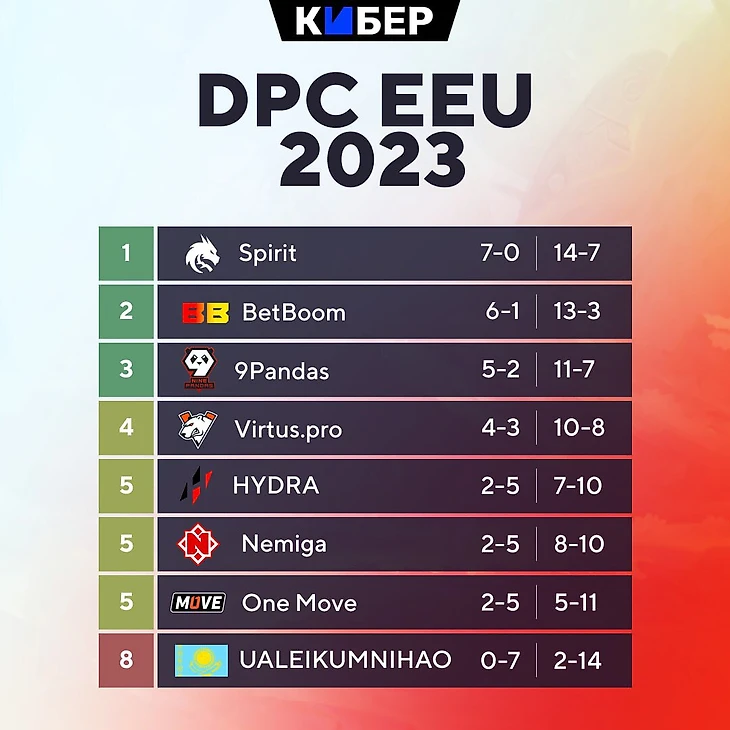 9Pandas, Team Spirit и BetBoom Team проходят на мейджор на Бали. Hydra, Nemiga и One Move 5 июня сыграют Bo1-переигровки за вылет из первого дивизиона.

● ● ● ● ●

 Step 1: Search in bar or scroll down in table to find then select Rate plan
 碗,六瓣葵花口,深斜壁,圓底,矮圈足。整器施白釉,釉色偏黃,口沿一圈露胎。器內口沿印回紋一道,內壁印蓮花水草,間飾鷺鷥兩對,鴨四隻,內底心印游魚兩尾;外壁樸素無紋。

● ● ● ● ●

- **Task statement**: Look through the material above and print exactly the lines from the one containing "Step 1: Search" to the one containing "碗,六瓣葵花口,深斜壁,圓底", both included, and nothing more.

- **Solution below**:
 Step 1: Search in bar or scroll down in table to find then select Rate plan
 碗,六瓣葵花口,深斜壁,圓底,矮圈足。整器施白釉,釉色偏黃,口沿一圈露胎。器內口沿印回紋一道,內壁印蓮花水草,間飾鷺鷥兩對,鴨四隻,內底心印游魚兩尾;外壁樸素無紋。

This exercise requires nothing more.